--- Required action ---
In the listing below, find the line with "Centring an oval" and the line with "Paro, inmigración, media", then return them and every line between them exactly, minus the pictures.

--- Source data ---

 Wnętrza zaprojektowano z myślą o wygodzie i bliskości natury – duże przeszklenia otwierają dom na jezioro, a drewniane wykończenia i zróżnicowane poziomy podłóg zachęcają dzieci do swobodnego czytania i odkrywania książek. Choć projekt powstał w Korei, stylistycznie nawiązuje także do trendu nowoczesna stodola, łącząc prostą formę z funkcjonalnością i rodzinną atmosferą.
==
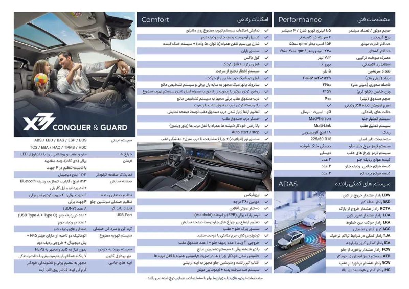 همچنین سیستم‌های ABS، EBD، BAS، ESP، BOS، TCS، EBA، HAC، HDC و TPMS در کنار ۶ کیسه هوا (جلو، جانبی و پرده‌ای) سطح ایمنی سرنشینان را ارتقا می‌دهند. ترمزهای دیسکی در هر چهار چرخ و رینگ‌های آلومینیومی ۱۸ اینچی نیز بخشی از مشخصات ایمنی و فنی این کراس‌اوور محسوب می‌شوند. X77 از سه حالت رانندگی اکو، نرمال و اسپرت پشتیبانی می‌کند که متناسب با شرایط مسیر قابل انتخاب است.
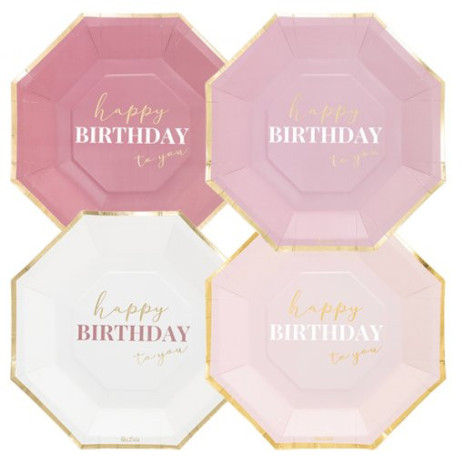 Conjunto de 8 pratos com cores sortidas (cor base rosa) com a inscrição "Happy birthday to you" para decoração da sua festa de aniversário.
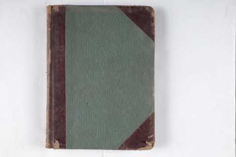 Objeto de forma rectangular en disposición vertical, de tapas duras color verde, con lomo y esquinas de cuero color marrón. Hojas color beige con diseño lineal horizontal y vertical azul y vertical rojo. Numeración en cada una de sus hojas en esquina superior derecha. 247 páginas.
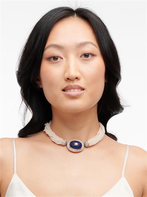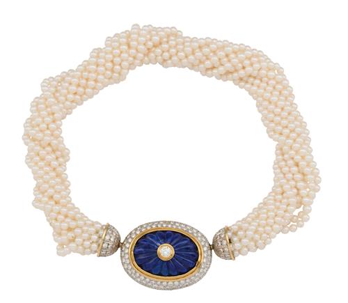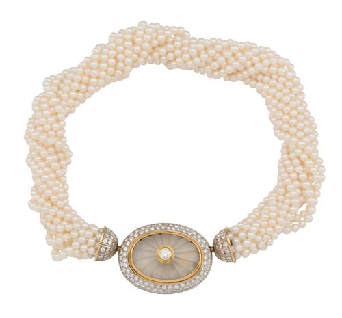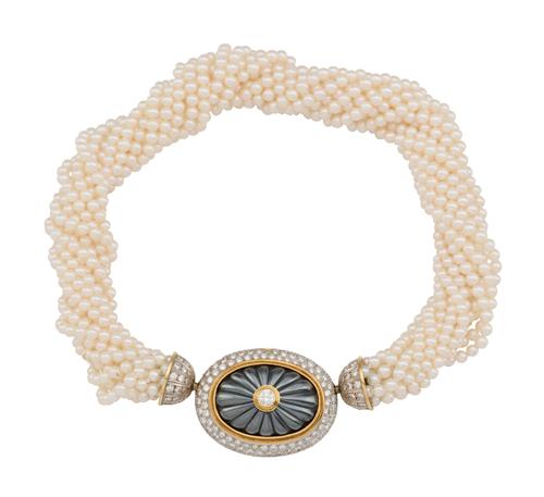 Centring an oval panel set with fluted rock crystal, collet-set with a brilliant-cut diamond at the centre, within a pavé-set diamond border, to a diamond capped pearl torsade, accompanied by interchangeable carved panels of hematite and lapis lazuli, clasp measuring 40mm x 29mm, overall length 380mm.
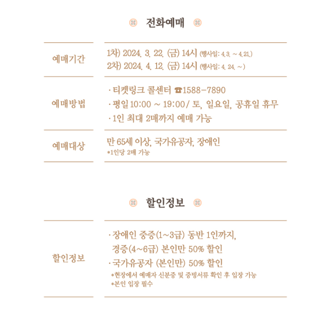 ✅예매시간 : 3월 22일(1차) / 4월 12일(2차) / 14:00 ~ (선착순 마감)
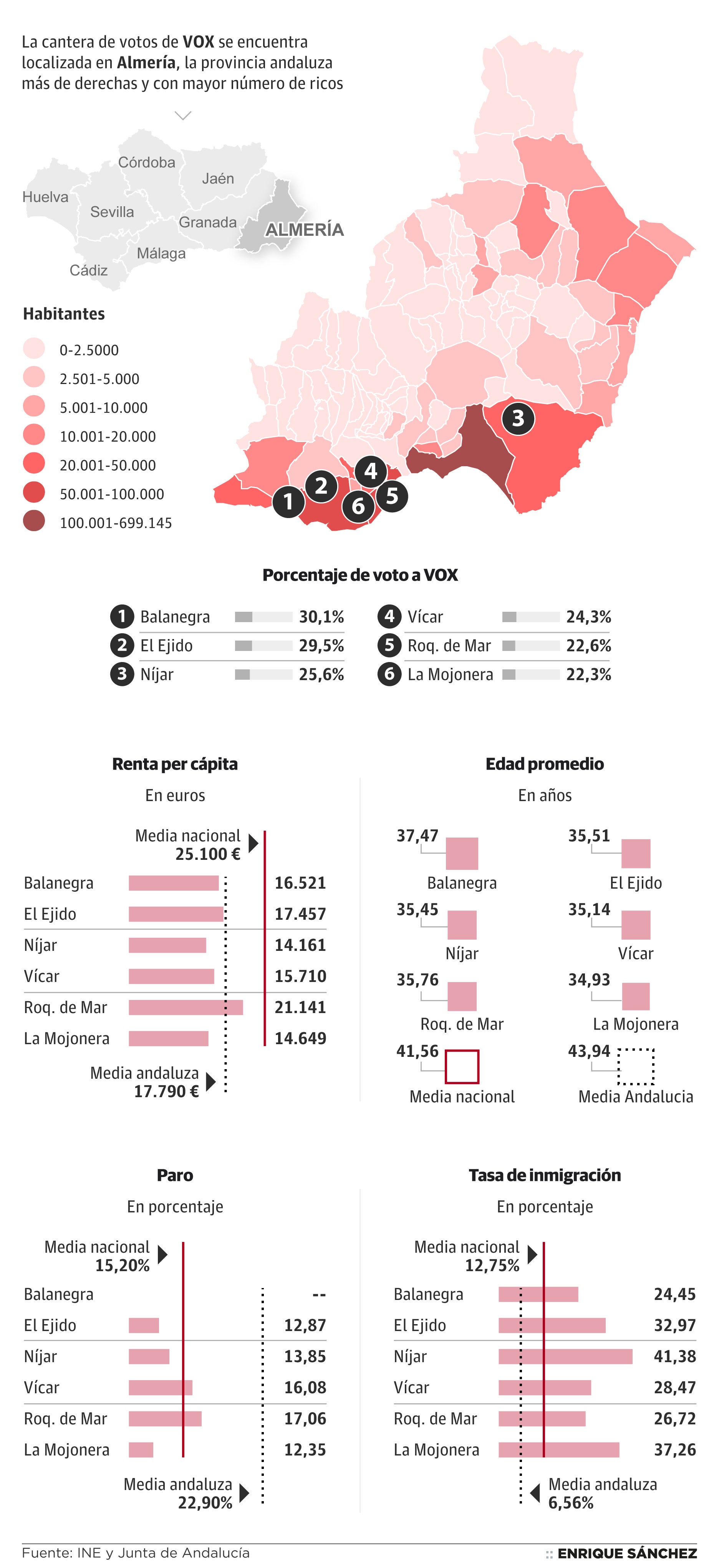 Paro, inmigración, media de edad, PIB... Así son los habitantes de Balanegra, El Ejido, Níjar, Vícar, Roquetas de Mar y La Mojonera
* * *
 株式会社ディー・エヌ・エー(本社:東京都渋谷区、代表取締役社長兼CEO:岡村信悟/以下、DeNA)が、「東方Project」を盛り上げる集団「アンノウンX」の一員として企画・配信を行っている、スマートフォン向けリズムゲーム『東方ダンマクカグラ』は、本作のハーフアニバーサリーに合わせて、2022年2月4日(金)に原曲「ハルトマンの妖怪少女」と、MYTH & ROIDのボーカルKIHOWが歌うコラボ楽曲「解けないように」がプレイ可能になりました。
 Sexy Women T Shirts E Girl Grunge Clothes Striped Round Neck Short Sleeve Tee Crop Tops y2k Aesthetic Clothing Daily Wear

--- Answer to this exercise ---
 Centring an oval panel set with fluted rock crystal, collet-set with a brilliant-cut diamond at the centre, within a pavé-set diamond border, to a diamond capped pearl torsade, accompanied by interchangeable carved panels of hematite and lapis lazuli, clasp measuring 40mm x 29mm, overall length 380mm.
 ✅예매시간 : 3월 22일(1차) / 4월 12일(2차) / 14:00 ~ (선착순 마감)
 Paro, inmigración, media de edad, PIB... Así son los habitantes de Balanegra, El Ejido, Níjar, Vícar, Roquetas de Mar y La Mojonera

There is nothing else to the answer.